Había muchas personas en la clase. (There were many people in the class.)

Photo by Kevin Dooley; licensed via Creative Commons.

Haber is one of the more unusual verbs in Spanish. It may be the only verb that has a conjugation that varies with its meaning in a sentence. It is used primarily as an auxiliary verb (a verb used in conjunction with other verbs), but it can stand alone as a verb that does little more than indicate mere existence of the subject of the sentence. It can take a singular form even when used in the plural. It is also extremely irregular.

In this lesson, we focus on the haber usage that is usually the first one learned by Spanish students: as a vague verb usually translated as "there is" or "there are." In other lessons, we also look at the few idioms that use haber as well as its use as an auxiliary verb.

Standing alone, haber in the third-person present tense is usually translated as "there is" or "there are." Interestingly, though, the verb takes the form of hay (pronounced basically the same as "eye" in English) in both the singular and plural forms. Here are a couple of sample sentences: Hay muchos libros; there are many books. Hay un hombre en la sala; there is a man in the hall. (When using haber as an auxiliary in the third-person singular, ha or han is used, not hay. Han leído el libro, they have read the book.)

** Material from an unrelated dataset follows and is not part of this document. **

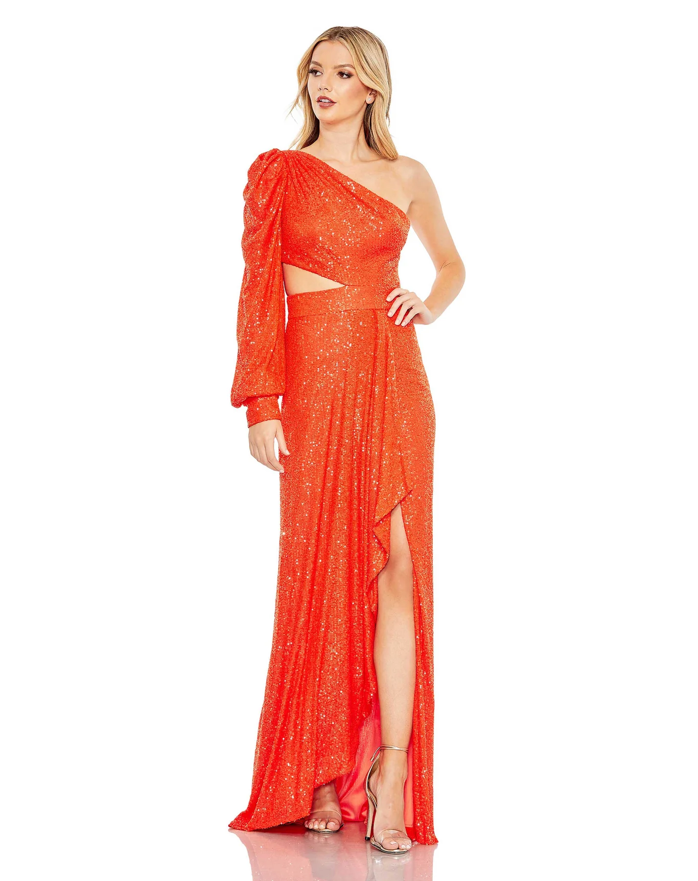 SEQUINED ONE SHOULDER CUT OUT GOWN

Haber can also be used in the same way for other tenses. The general rule for the other tenses is that the singular form is used for both singular and plural objects, although it is quite common, particularly in parts of Latin America, to use the plural forms with use of plural objects. Había muchas personas en la clase, or habían muchas personas en la clase, there were many people in the class. (In some areas, habían is considered substandard, so avoid it unless you hear native speakers using it.) Habrá mucho tráfico, there will be much traffic. No habría tiempo, there wouldn't be time. Quiero que haya tiempo, I hope there will be time.

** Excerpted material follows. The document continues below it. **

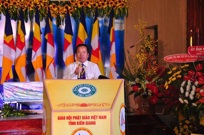 Ông Mai Văn Huỳnh: Phó Chủ tịch UBND tỉnh phát biểu chúc mừng Đại hội. Ông đánh giá cao sự đóng góp của Phật giáo Kiên Giang vào công cuộc xây dựng và bảo vệ tổ quốc, luôn đồng hành, gắn bó cùng dân tộc. Ông khẳng định sau hơn 40 độc lập, thống nhất, Tăng Ni Phật tử tỉnh Kiên Giang đã tiếp tục dấn thân vào vận mệnh mới của Đất nước, tích cực hưởng ứng nhiều phong trào thi đua yêu nước, nhiều cuộc vận động, do Đảng, Nhà nước, Mặt trận và các đoàn thể các cấp phát động, đặc biệt là hoạt động từ thiện, an sinh xã hội, về bảo vệ khí hậu, bảo vệ môi trường, đoàn kết tôn giáo. Trong nhiệm kỳ qua, có 55 vị Tăng Ni tham gia Đại biểu HĐND, 28 vị là ủy viên MTTQVN các cấp. Ông hy vọng nhiệm kỳ sau, Ban Trị sự tiếp tục phát huy hơn nữa để góp phần xây dựng quê hương Đất nước ngày càng văn minh, giàu đẹp.

Note that the "there" in these English sentences does not refer to location (grammatically, it is considered to be an introductory pronoun). When "there" refers to location, normally it would be translated using ahí or allí (or, less commonly, allá). Example: Hay una mosca en la sopa; there is a fly (a fly exists) in the soup. Allí está una mosca [said while pointing or indicating direction]; there (or over there) is a fly.

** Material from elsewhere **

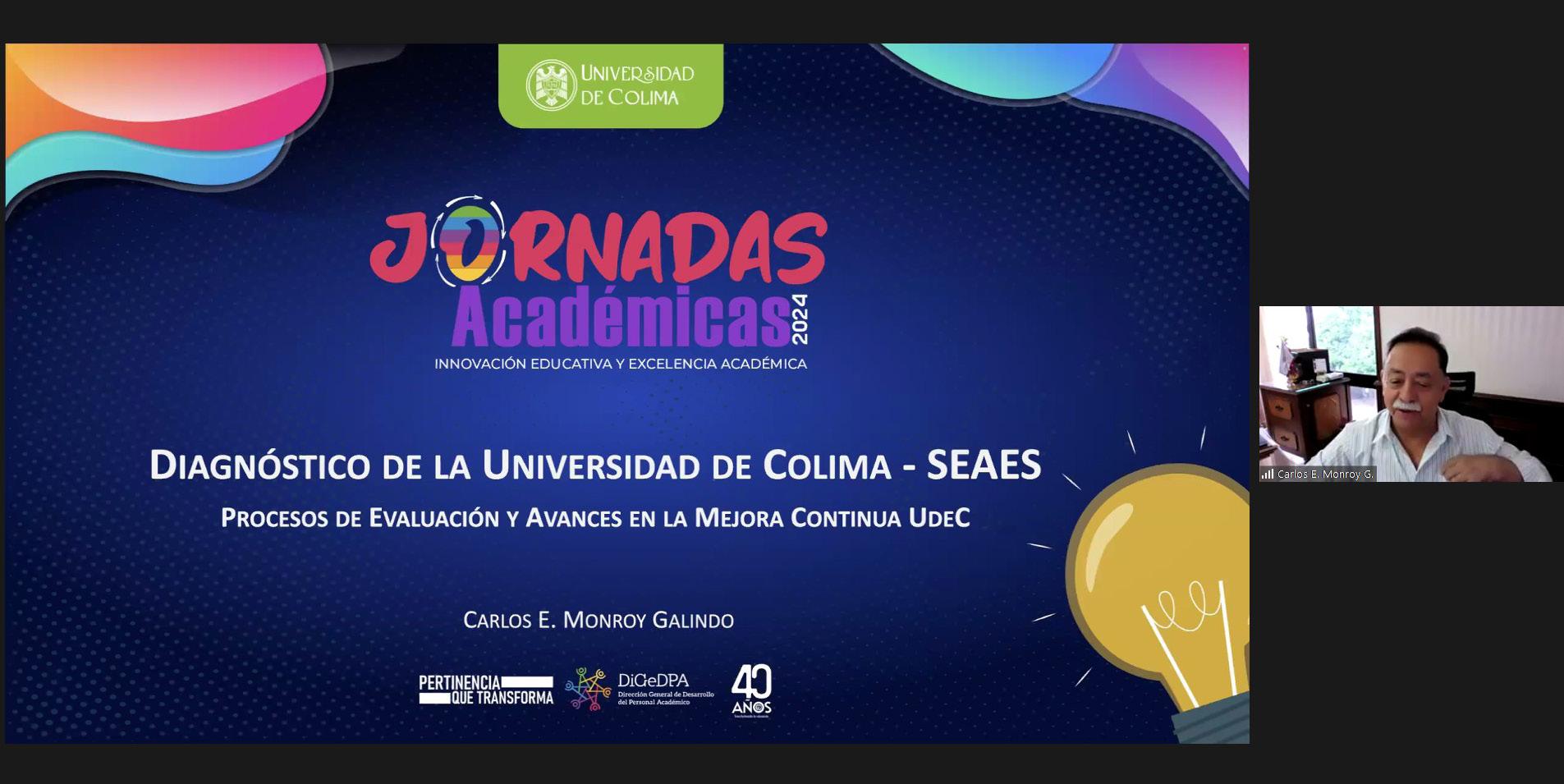 La conferencia inaugural estuvo a cargo de Eduardo Monroy Galindo, secretario técnico de la UdeC. Abordó el tema de “Diagnóstico de la UdeC en el SEAES”, donde compartió algunos resultados de la autoevaluación realizada el año pasado, propuesta a nivel nacional por el nuevo Sistema de Evaluación y Acreditación de la Educación Superior (SEAES). Explicó que la Nueva Ley de Educación Superior de 2021 incluye temas para todas las Instituciones de Educación Superior, públicas y privadas, motivo por el cual se crearon el Consejo Nacional de Coordinación de la Educación Superior (CONACES) y el Sistema de Evaluación y Acreditación de la Educación Superior (SEAES).

Note that other Spanish words or idioms can also be translated as "there + to be" in various usages. No queda queso, there is no cheese left (or no cheese remains). Seremos seis para el desayuno, there will be six of us for breakfast (literally, we will be six for breakfast). ¡Ahí viene el taxi! There's the taxi! (literally, there comes the taxi!) Esto provocó mucho llorar, there was much crying at this (or, this caused much crying). In some of these cases, the thought also could be expressed using a form of haber: No hay queso, there is no cheese. As in all cases, you should strive to translate for meaning rather than word for word.

Haber does not exist in an imperative form.